St Giles’ Church, Normantion, Derby is a locally listed parish church in the Church of England in Normanton, Derby.

==History==

The present building replaced a medieval chapel. The church dates from 1861 and was built to the designs of the architects Giles and Brookhouse by the contractors William Bridgart (son of George and Mary Bridgart) and Charles Whiting Bridgart (son of Robert Bridgart snr. and Hannah Bridgart) of Derby. William and Charles were first cousins. It opened for worship on 13 May 1862. It was consecrated on 23 September 1863.

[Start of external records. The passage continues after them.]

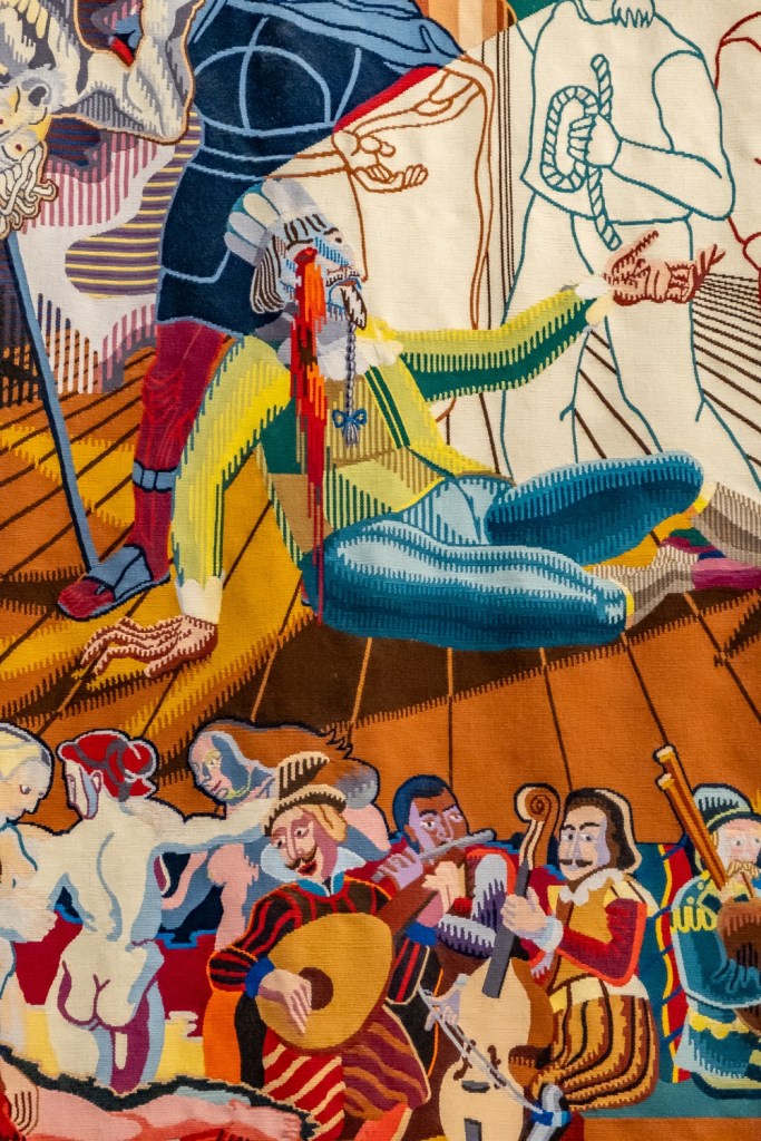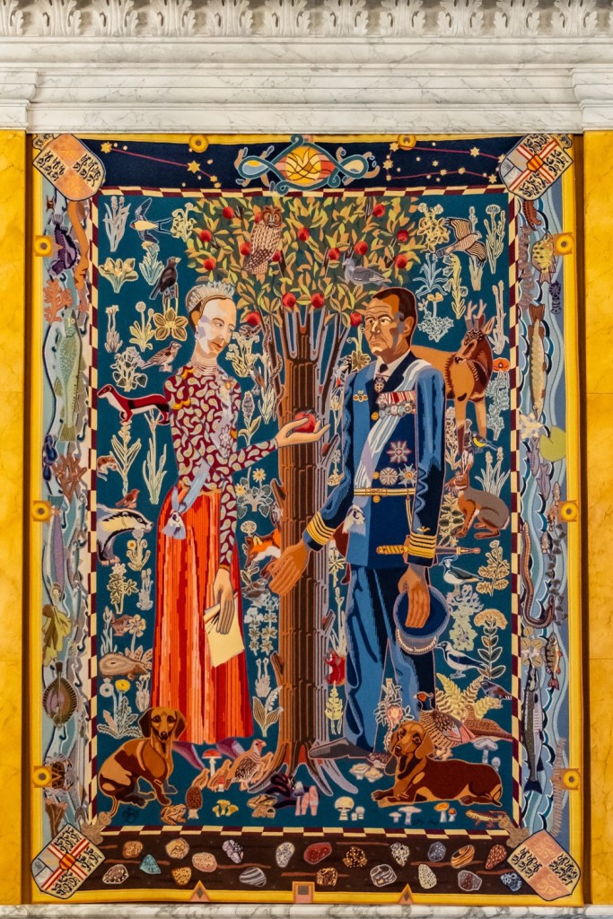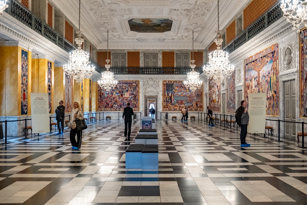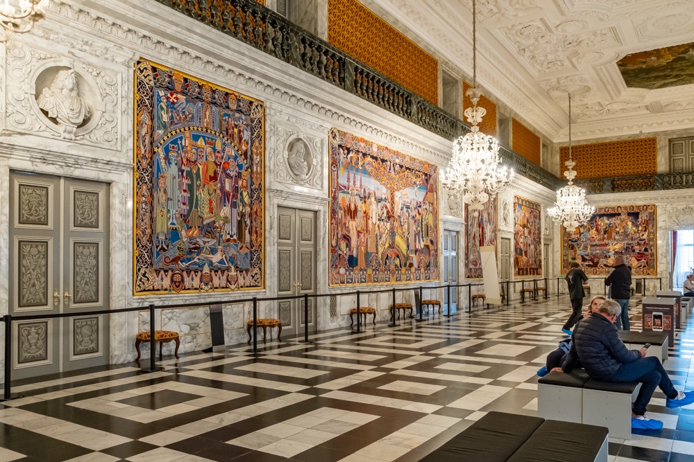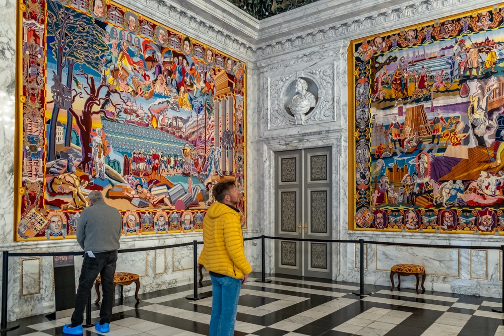 Délután Christiansborg Palotához sétáltunk el, ami a kormányzati palota Koppenhága belvárosában. Itt található a dán parlament, a miniszterelnöki hivatal és Dánia legfelsőbb bírósága is, valamint a királyi fogadó termek. A lovagterem falait Bjørn Nørgaard színes faliszőnyegei díszítik, amelyek a dán történelem 1000 évét mutatják be képekben a viking kortól napjainkig. A 17 fali szőnyeget II. Margit királynő kapta az 50-dik születésnapjára. Egyik oldalról a fali szőnyegek nagyon részlet gazdagok, színesek, érdekesek, iszonyat munkát tartalmazóak, másik oldalról meg all az ember a szőnyeg előtt és abszurd részleteket szúr ki. Nekem nagyon tetszettek.
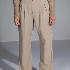 The AKIRA Label Certified Boss Wide Leg Trouser features a smooth, lightweight fabrication, a high rise waist, a wide fold over-inspired waistband, working belt loops, on seam slant side pockets, pleat front detailing, jetted back pockets, and a wide leg silhouette. Complete with a hook and eye clasp and zipper front closure. Pair this suited-up piece with a mock neck top and pumps to complete your tailored look.
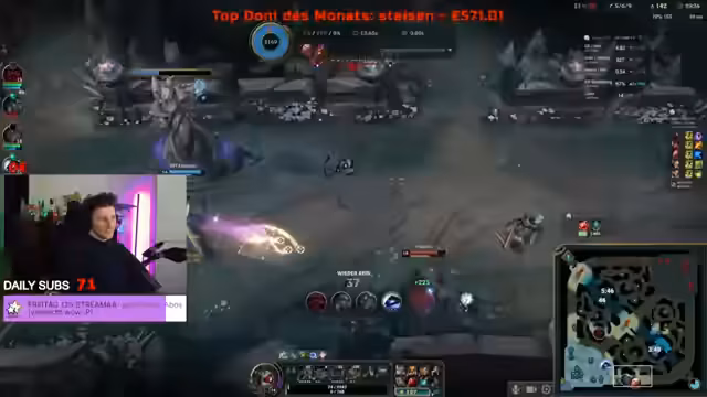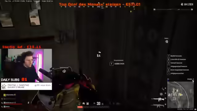 04:17:03Das Gameplay konzentriert sich auf taktische Manöver und Positionswechsel. Der Streamer gibt Anweisungen an sein Team, wie er an eine bestimmte Position gelangen kann, und markiert Ziele für seine Mitspieler. Die Kommunikation ist geprägt von kurzen, direkten Befehlen und dem Austausch von Informationen über die Position und Aktionen des gegnerischen Teams. Die Szene zeigt den Stress und die Dynamik eines laufenden Spiels, in dem schnelle Entscheidungen gefällt werden müssen.
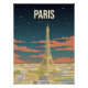 The image depicts a nighttime view of the Eiffel Tower in Paris, France. The iconic tower stands tall against a backdrop of a starry sky with a few wispy clouds in shades of orange and pink. The city lights twinkle below, creating a warm and inviting atmosphere. The image is rendered in a pixelated style, giving it a retro and nostalgic feel.
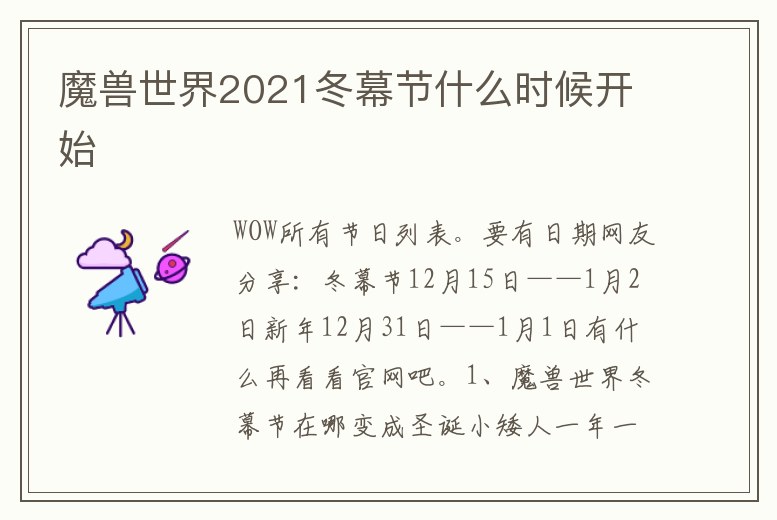 6、魔獸世界每年都有哪些節日,分別在什么時候

It was enlarged in 1902. Work started on 15 November 1902 when a foundation stone was laid by Fitzherbert Wright, the High Sheriff of Derbyshire. It was substantially reordered and underfloor heating installed in 2010. In 2016 the small 1950s toilet block attached to the South Porch was demolished and replaced with a new Annexe comprising a kitchen, reception area, meeting room (used for creche) and five separate toilets (one of which is for disabled).

===Present day===
St Giles' Church is within the Conservative Evangelical tradition of the Church of England, and it has passed resolutions to reject the ordination of women.

==Organ==

The church contains an organ by Peter Conacher. A specification of the organ can be found on the National Pipe Organ Register.

===Organists===
- Fred Morley 1943 - ???? (formerly organist of St Andrew's Church, Derby)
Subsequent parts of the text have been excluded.